**Problem statement**
For this listing, reproduce the line with "Display illustrating Australian", the line with "Figure 2: Starting Signal", and the lines between, exactly as they stand. Leave out pictures and all other lines.
====== Dataset entries
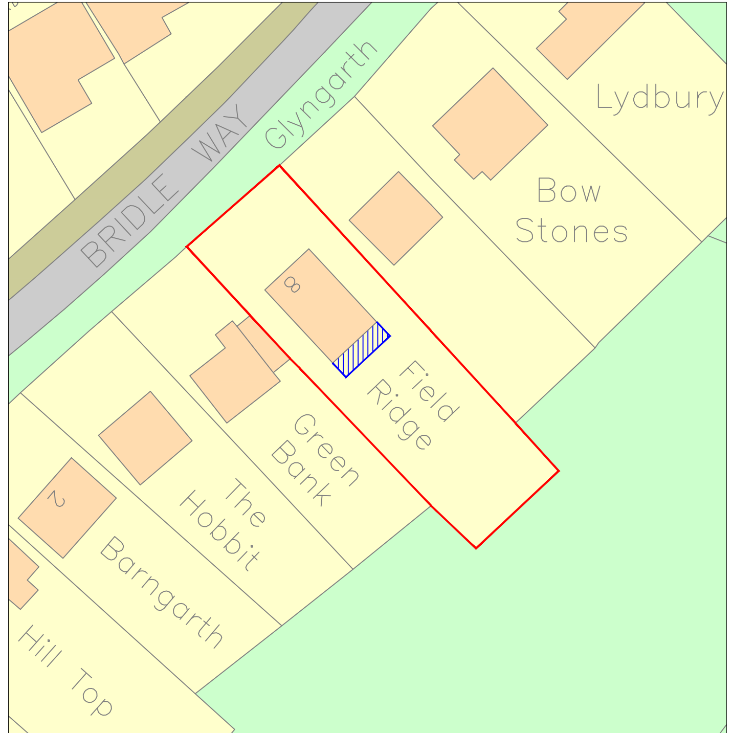
Location Plan Scale 1:500
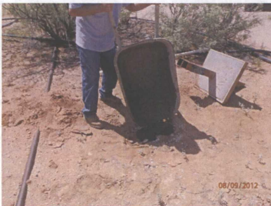
Plugging MW-3 in 1-3% bentonite/concrete slurry, facing west 8/9/12
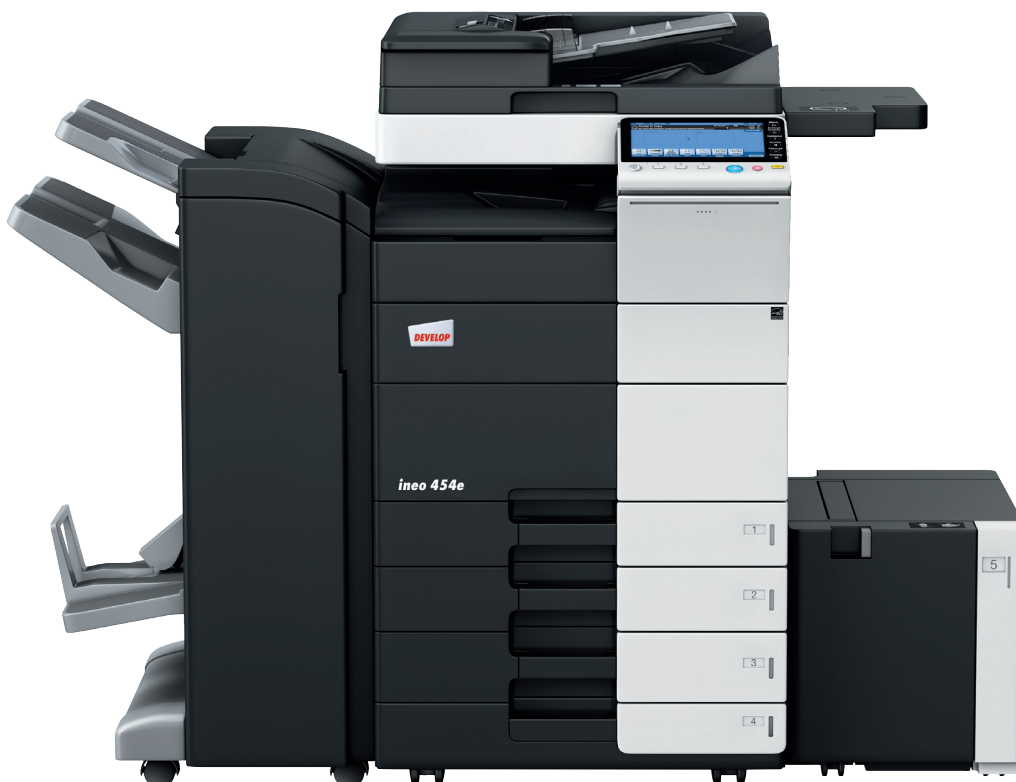
ineo 454e with staple/booklet finisher (FS-534SD), paper feeder (PC-210), large capacity tray (LU-301) and working table (WT-506)

Each of these multifunctional office devices – the ineo 224e, ineo 284e, the ineo 364e, the ineo 454e and the ineo 554e – is not only remarkably easy to use but also offers a wide variety of features to facilitate everyday office tasks. By saving office users time in printing, copying or scanning, they can return to their normal work faster. And that will ultimately help boost productivity.
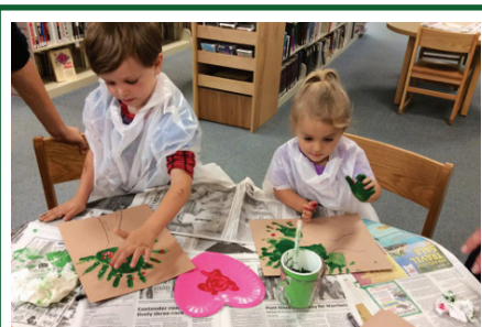
On October 9, children at the Hermann Branch's storytime made apple artwork.
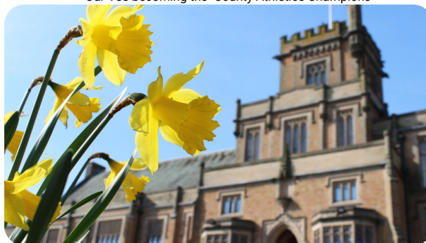
Spring has Sprung
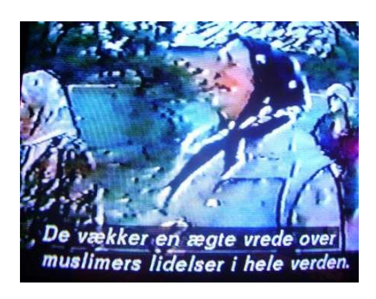
Figure 4. Hypermediacy through anachronic and anatopic juxtapositions: mystification of suffering
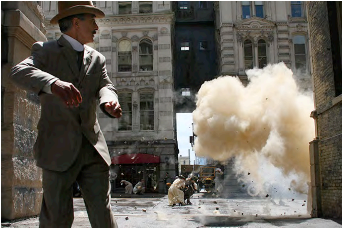
William J. Flynn ( David Strathairn ),
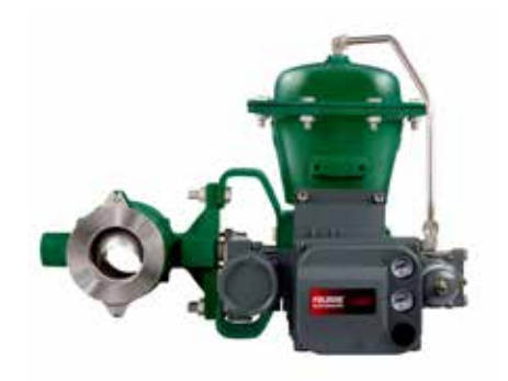
Flangeless body provides a multi-class rating.
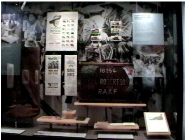
Display illustrating Australian participation in the Korean War, Australian War Memorial, Canberra

In the Australian War Memorial, then, the United Nations Command is centre stage, with the focus (unsurprisingly) being on its Australian contingent.
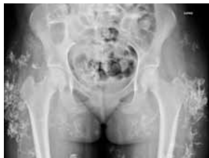
Fig. 2a. Frontal radiograph of the pelvis demonstrating extensive soft-tissue calcification.
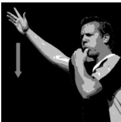
Figure 2: Starting Signal

After a short pause that should be no longer than three (3) seconds, Match Officials will visually check both sides, say 'Ready' whilst simultaneously putting their arm up and then blow a whistle in conjunction with a downward hand movement to initiate the Set, see Figure 2.
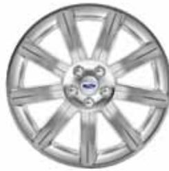
19" Polished Aluminum Standard
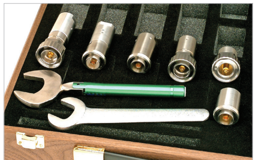
Mechanical calibration kits
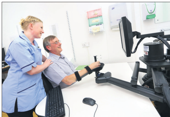
Northumbria Healthcare is leading a study using a rehabilitation robot which may help people recover from arm weakness following a stroke.

"But not all research is about trying new medicines. For example, we are currently leading on a study using a rehabilitation robot which may help people recover from arm weakness following a stroke.
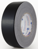
IRON GRIP AC617 DUCT TAPE
============
**Answer to this exercise**
Display illustrating Australian participation in the Korean War, Australian War Memorial, Canberra

In the Australian War Memorial, then, the United Nations Command is centre stage, with the focus (unsurprisingly) being on its Australian contingent.
Fig. 2a. Frontal radiograph of the pelvis demonstrating extensive soft-tissue calcification.
Figure 2: Starting Signal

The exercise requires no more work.